Your assignment = All lines from the opening of the data to the line containing "Road ist ein" must be returned unchanged, and only those lines.

Records to process =

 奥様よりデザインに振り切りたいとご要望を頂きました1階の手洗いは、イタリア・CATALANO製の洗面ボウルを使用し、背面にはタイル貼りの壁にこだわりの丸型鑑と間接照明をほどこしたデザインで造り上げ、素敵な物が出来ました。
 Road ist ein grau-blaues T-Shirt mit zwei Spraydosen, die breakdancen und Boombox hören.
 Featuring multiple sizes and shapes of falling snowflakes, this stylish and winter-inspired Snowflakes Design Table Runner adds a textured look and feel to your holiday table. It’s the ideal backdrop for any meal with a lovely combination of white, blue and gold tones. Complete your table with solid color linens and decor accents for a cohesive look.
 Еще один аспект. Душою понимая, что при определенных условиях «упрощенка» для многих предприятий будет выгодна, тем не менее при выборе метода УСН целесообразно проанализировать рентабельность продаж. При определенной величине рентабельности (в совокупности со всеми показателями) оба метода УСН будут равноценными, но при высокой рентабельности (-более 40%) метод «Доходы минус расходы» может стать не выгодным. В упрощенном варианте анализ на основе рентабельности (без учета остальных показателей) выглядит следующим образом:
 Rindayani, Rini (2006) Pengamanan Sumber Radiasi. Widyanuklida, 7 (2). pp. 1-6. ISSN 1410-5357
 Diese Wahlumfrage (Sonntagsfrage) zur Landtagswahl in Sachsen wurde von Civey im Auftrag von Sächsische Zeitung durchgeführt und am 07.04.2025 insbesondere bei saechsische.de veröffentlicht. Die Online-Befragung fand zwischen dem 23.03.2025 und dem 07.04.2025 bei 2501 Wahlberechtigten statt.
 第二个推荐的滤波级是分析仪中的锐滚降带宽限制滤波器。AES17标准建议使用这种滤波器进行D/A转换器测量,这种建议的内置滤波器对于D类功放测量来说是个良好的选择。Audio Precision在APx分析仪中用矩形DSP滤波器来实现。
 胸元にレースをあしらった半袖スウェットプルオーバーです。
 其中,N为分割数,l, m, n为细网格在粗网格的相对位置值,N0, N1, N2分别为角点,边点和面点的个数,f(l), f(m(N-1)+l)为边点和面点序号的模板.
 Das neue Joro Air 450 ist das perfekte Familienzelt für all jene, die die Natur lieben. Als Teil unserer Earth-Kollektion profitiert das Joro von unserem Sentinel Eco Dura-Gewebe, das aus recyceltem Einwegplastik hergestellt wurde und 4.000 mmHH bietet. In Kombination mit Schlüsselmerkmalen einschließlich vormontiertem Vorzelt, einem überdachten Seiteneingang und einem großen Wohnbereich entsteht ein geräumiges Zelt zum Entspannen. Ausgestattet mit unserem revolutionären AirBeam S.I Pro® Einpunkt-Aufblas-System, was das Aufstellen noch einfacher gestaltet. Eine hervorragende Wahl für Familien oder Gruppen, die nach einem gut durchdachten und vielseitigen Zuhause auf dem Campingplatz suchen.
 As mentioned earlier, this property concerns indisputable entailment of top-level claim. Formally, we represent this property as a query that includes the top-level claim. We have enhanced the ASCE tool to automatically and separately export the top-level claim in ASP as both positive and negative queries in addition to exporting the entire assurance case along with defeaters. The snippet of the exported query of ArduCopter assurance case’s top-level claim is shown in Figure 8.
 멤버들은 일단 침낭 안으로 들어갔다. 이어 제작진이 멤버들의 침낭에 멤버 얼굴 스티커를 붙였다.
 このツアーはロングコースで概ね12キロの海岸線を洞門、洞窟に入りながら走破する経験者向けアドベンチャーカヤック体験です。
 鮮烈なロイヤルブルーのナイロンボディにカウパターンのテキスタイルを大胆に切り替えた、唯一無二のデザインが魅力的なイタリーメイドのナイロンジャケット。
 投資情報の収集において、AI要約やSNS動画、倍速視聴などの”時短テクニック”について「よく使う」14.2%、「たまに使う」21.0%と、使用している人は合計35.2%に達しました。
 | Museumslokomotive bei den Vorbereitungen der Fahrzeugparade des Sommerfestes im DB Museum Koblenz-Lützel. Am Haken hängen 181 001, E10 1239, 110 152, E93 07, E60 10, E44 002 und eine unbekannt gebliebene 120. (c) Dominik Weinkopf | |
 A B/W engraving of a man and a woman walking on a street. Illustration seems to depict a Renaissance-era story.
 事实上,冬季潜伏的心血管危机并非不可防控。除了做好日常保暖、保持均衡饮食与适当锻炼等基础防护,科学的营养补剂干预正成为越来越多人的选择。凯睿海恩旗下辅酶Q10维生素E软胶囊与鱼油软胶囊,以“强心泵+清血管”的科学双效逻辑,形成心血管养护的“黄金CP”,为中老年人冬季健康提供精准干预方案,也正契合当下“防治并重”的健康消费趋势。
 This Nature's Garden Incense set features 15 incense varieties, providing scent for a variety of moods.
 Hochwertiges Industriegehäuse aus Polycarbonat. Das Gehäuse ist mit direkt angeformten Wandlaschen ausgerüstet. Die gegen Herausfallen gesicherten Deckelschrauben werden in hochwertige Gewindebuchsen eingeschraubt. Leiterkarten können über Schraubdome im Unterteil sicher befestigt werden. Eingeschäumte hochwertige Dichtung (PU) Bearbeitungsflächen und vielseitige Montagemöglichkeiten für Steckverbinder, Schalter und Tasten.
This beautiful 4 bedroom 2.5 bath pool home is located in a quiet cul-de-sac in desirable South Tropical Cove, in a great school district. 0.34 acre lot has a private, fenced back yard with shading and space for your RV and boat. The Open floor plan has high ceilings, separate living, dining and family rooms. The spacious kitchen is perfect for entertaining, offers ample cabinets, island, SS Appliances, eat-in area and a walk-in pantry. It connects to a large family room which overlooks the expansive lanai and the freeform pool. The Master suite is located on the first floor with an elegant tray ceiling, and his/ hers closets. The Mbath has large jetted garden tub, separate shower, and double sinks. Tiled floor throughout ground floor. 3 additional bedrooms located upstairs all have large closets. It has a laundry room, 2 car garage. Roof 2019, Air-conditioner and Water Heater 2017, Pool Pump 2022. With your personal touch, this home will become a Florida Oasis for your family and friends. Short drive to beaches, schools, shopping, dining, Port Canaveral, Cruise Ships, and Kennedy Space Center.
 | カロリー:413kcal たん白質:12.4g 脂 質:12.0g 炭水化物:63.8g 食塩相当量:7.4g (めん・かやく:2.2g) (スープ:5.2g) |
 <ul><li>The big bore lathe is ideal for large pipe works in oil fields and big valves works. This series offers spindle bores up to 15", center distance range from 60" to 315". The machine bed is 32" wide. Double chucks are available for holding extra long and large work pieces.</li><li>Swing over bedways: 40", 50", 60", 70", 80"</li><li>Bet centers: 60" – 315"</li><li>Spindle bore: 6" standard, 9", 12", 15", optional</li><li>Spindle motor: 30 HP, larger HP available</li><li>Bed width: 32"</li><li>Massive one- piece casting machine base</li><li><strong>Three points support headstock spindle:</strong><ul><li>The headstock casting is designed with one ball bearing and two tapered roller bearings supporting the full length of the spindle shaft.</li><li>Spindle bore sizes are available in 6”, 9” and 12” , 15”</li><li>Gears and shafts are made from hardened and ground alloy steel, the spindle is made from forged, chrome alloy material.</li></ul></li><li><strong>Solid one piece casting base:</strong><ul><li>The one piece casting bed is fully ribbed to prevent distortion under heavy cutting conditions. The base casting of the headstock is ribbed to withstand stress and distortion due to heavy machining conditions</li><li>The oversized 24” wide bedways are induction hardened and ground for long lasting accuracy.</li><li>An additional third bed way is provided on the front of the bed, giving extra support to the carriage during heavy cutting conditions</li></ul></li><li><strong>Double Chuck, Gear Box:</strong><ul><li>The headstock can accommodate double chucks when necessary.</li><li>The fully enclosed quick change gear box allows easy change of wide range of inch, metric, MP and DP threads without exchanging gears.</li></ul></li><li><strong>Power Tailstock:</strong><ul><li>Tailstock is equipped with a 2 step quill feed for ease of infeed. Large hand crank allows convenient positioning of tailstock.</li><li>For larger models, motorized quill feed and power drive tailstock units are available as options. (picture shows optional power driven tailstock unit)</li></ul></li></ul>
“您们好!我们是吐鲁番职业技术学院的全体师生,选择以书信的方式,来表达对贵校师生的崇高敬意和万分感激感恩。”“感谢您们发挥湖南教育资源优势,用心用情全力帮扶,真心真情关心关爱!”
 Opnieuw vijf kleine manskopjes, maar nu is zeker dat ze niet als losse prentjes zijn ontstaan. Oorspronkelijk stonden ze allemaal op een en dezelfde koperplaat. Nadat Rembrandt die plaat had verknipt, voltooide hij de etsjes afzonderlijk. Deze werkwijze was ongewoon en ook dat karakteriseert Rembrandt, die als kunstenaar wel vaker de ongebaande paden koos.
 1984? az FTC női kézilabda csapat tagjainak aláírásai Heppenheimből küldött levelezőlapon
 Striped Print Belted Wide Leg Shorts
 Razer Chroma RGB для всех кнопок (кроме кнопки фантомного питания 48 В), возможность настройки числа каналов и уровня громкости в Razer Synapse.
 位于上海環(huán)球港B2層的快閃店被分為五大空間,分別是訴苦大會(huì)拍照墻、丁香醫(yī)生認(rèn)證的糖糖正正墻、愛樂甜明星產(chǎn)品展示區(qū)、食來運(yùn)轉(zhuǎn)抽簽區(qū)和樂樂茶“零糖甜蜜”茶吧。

Task response =
 奥様よりデザインに振り切りたいとご要望を頂きました1階の手洗いは、イタリア・CATALANO製の洗面ボウルを使用し、背面にはタイル貼りの壁にこだわりの丸型鑑と間接照明をほどこしたデザインで造り上げ、素敵な物が出来ました。
 Road ist ein grau-blaues T-Shirt mit zwei Spraydosen, die breakdancen und Boombox hören.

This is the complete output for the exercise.